- [DATASET SECTION]
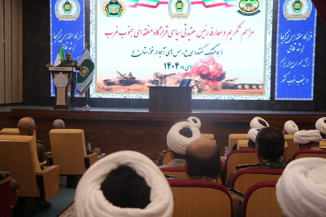 در ادامه، سرتیپ دوم حسین محمد شفیعی، فرمانده قرارگاه منطقهای نزاجا در جنوب غرب، با اشاره به جایگاه بیبدیل کار عقیدتی در توانمندسازی نیروها اظهار داشت: «در میدان سخت و پیچیده امروز، تقویت بنیانهای فکری و ایمانی رزمندگان، مهمترین سلاح ما در برابر تهدیدات دشمن است.» وی خطاب به مسئول جدید گفت: «از همگان انتظار داریم تا از تجربیات گرانبهای شما در مدیریت این عرصه حساس، حمایت و پشتیبانی لازم را به عمل آورند.»
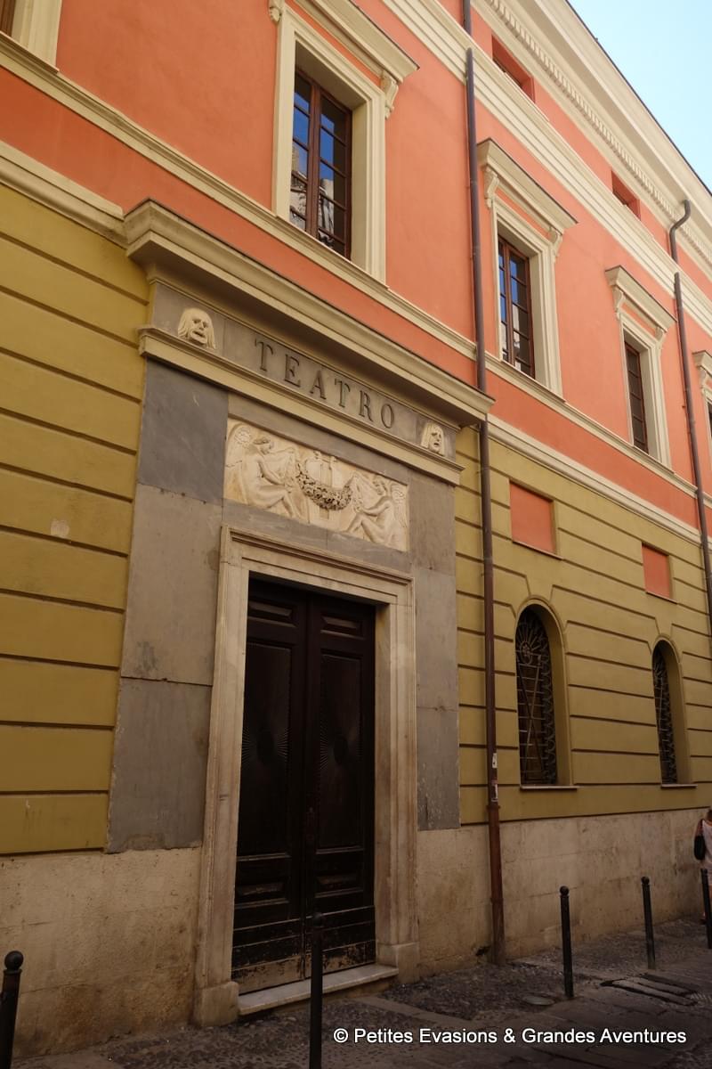 Après une pause rafraîchissante dans le Largo Ittiri, on a repris notre balade en observant les façades de l'animé Corso Vittorio Emanuele II. Sur le corso, l'actuel Teatro Civico, de style néoclassique, a pris la place de l'ancien Palazzo di città en 1826 qui faisait face, à l'époque, à la Piazza del Commune, disparue elle aussi aujourd'hui.
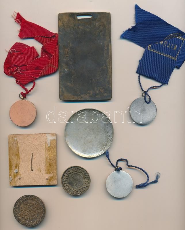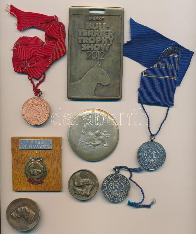 10db-os vegyes magyar és külföldi ebtenyésztéssel foglalkozó érem, több szalagon, közte 1948. "Az Országos Mezőgadasági Kiállítás és Tenyészállat Várás 1948" Br emlékérem (36mm); 1959. "MKOE (Magyar Kutyatenyésztők Országos Egyesülete) - Nagyon Jó" részben zománcozott Br díjérem fatalpon, tokban (érem mérete 24x29mm) T:vegyes

- [YOUR OBJECTIVE] Please copy the data shown above precisely, leaving the images out.

- [SOLUTION TO THE EXERCISE]
 در ادامه، سرتیپ دوم حسین محمد شفیعی، فرمانده قرارگاه منطقهای نزاجا در جنوب غرب، با اشاره به جایگاه بیبدیل کار عقیدتی در توانمندسازی نیروها اظهار داشت: «در میدان سخت و پیچیده امروز، تقویت بنیانهای فکری و ایمانی رزمندگان، مهمترین سلاح ما در برابر تهدیدات دشمن است.» وی خطاب به مسئول جدید گفت: «از همگان انتظار داریم تا از تجربیات گرانبهای شما در مدیریت این عرصه حساس، حمایت و پشتیبانی لازم را به عمل آورند.»
 Après une pause rafraîchissante dans le Largo Ittiri, on a repris notre balade en observant les façades de l'animé Corso Vittorio Emanuele II. Sur le corso, l'actuel Teatro Civico, de style néoclassique, a pris la place de l'ancien Palazzo di città en 1826 qui faisait face, à l'époque, à la Piazza del Commune, disparue elle aussi aujourd'hui.
 10db-os vegyes magyar és külföldi ebtenyésztéssel foglalkozó érem, több szalagon, közte 1948. "Az Országos Mezőgadasági Kiállítás és Tenyészállat Várás 1948" Br emlékérem (36mm); 1959. "MKOE (Magyar Kutyatenyésztők Országos Egyesülete) - Nagyon Jó" részben zománcozott Br díjérem fatalpon, tokban (érem mérete 24x29mm) T:vegyes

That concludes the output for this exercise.